Required action: Exactly as they appear below, repeat the lines from the one with "milit. 1788-1834 ////" through the one with "Tương tự trong". Drop every picture.

Supplied data:
-- Opening Marker --
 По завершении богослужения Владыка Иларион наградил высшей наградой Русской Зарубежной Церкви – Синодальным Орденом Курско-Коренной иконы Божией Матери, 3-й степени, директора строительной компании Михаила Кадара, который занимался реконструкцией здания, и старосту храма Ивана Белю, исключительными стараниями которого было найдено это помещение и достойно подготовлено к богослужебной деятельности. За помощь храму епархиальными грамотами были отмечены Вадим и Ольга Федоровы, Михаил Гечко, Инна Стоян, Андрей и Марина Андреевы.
-- Closing Marker --
-- Opening Marker --
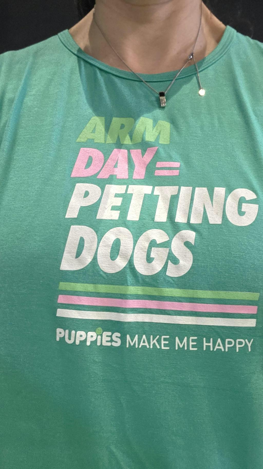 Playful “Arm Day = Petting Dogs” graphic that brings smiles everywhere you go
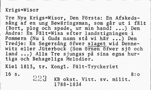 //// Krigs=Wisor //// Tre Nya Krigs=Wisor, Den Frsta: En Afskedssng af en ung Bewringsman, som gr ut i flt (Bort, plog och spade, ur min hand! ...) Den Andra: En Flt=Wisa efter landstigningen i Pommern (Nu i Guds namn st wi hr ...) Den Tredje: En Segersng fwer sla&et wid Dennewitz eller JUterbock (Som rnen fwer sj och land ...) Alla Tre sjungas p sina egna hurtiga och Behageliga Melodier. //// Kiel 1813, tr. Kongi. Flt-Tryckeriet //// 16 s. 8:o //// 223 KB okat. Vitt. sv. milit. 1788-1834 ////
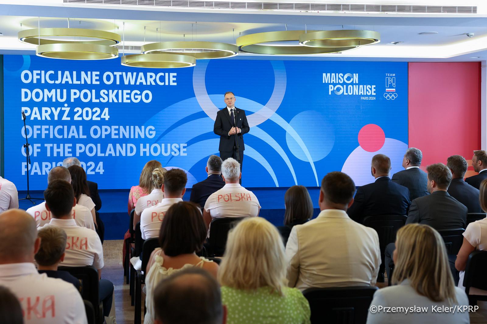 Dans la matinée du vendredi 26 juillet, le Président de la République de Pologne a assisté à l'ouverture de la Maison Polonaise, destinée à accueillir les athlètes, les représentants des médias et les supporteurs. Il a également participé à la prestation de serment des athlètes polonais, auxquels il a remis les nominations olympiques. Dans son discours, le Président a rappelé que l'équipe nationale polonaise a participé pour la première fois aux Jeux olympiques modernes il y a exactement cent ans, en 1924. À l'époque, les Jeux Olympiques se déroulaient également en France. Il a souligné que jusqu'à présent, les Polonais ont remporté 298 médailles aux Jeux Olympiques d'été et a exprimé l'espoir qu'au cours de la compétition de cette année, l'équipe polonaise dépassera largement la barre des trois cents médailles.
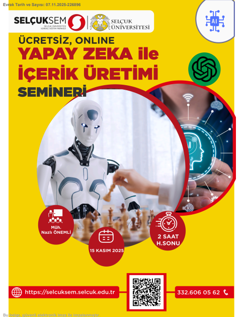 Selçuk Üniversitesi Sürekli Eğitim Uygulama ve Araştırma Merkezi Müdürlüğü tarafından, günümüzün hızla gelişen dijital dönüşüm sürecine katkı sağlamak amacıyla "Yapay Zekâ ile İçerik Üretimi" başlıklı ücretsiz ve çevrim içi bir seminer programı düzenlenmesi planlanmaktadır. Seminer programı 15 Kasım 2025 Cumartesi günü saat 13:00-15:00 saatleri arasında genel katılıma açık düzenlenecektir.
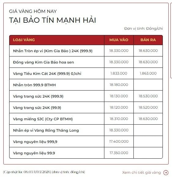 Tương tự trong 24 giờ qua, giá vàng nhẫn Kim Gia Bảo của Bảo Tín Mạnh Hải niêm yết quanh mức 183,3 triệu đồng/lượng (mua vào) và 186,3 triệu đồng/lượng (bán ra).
-- Closing Marker --
-- Opening Marker --
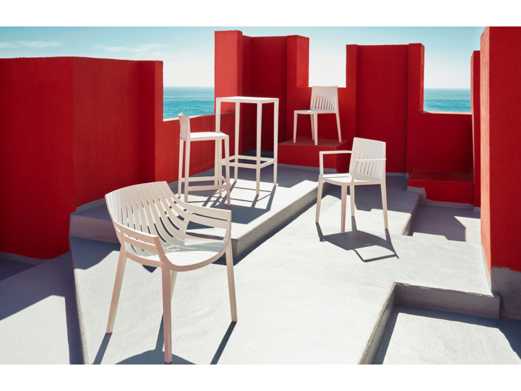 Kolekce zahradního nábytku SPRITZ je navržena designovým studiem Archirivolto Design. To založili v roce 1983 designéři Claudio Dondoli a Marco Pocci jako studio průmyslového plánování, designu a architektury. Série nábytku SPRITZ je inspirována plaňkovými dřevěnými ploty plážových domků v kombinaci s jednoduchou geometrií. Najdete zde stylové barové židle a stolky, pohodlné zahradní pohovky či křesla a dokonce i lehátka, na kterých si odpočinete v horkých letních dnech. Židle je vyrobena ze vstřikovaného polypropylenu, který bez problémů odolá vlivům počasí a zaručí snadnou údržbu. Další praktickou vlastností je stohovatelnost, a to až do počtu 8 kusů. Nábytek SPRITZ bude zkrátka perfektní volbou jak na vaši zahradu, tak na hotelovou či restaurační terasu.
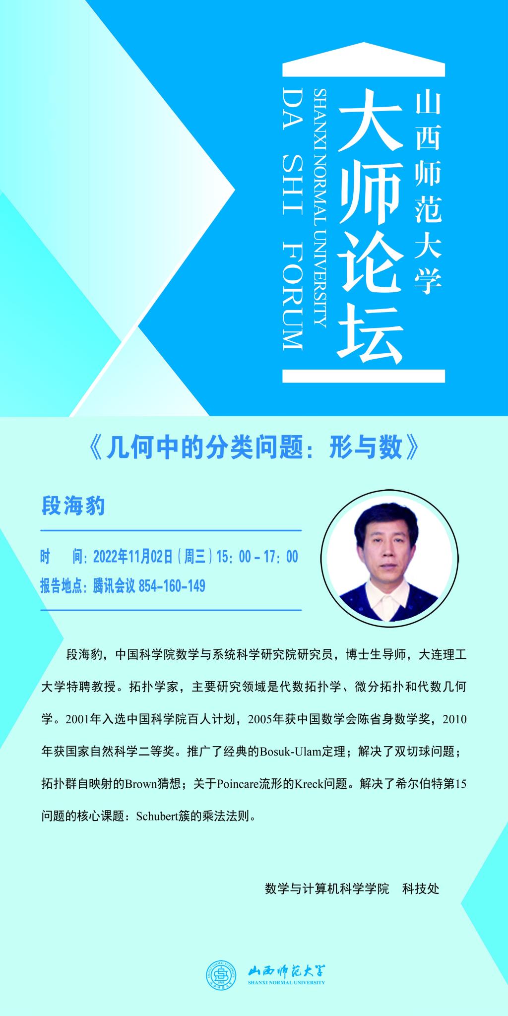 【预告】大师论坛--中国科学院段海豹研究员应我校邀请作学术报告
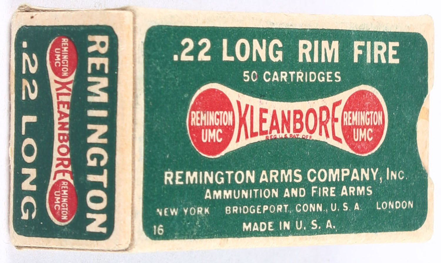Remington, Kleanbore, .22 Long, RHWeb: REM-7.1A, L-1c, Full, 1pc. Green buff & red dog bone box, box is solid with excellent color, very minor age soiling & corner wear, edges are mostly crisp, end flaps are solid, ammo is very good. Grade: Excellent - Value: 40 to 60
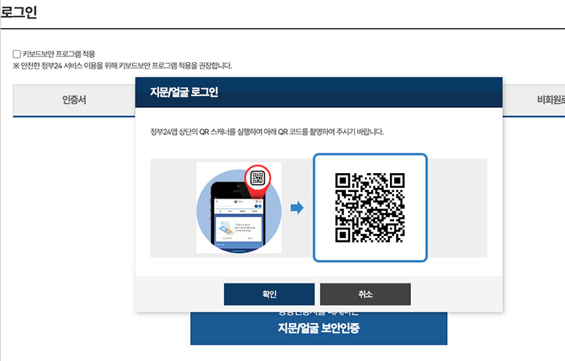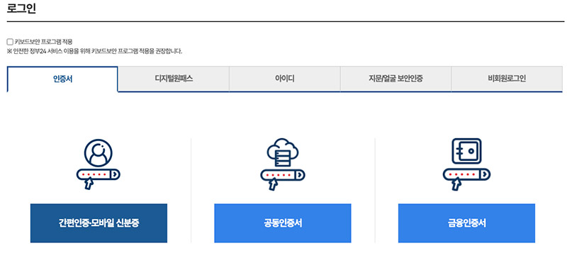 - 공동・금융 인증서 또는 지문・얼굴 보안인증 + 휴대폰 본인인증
-- Closing Marker --
Result:
 //// Krigs=Wisor //// Tre Nya Krigs=Wisor, Den Frsta: En Afskedssng af en ung Bewringsman, som gr ut i flt (Bort, plog och spade, ur min hand! ...) Den Andra: En Flt=Wisa efter landstigningen i Pommern (Nu i Guds namn st wi hr ...) Den Tredje: En Segersng fwer sla&et wid Dennewitz eller JUterbock (Som rnen fwer sj och land ...) Alla Tre sjungas p sina egna hurtiga och Behageliga Melodier. //// Kiel 1813, tr. Kongi. Flt-Tryckeriet //// 16 s. 8:o //// 223 KB okat. Vitt. sv. milit. 1788-1834 ////
 Dans la matinée du vendredi 26 juillet, le Président de la République de Pologne a assisté à l'ouverture de la Maison Polonaise, destinée à accueillir les athlètes, les représentants des médias et les supporteurs. Il a également participé à la prestation de serment des athlètes polonais, auxquels il a remis les nominations olympiques. Dans son discours, le Président a rappelé que l'équipe nationale polonaise a participé pour la première fois aux Jeux olympiques modernes il y a exactement cent ans, en 1924. À l'époque, les Jeux Olympiques se déroulaient également en France. Il a souligné que jusqu'à présent, les Polonais ont remporté 298 médailles aux Jeux Olympiques d'été et a exprimé l'espoir qu'au cours de la compétition de cette année, l'équipe polonaise dépassera largement la barre des trois cents médailles.
 Selçuk Üniversitesi Sürekli Eğitim Uygulama ve Araştırma Merkezi Müdürlüğü tarafından, günümüzün hızla gelişen dijital dönüşüm sürecine katkı sağlamak amacıyla "Yapay Zekâ ile İçerik Üretimi" başlıklı ücretsiz ve çevrim içi bir seminer programı düzenlenmesi planlanmaktadır. Seminer programı 15 Kasım 2025 Cumartesi günü saat 13:00-15:00 saatleri arasında genel katılıma açık düzenlenecektir.
 Tương tự trong 24 giờ qua, giá vàng nhẫn Kim Gia Bảo của Bảo Tín Mạnh Hải niêm yết quanh mức 183,3 triệu đồng/lượng (mua vào) và 186,3 triệu đồng/lượng (bán ra).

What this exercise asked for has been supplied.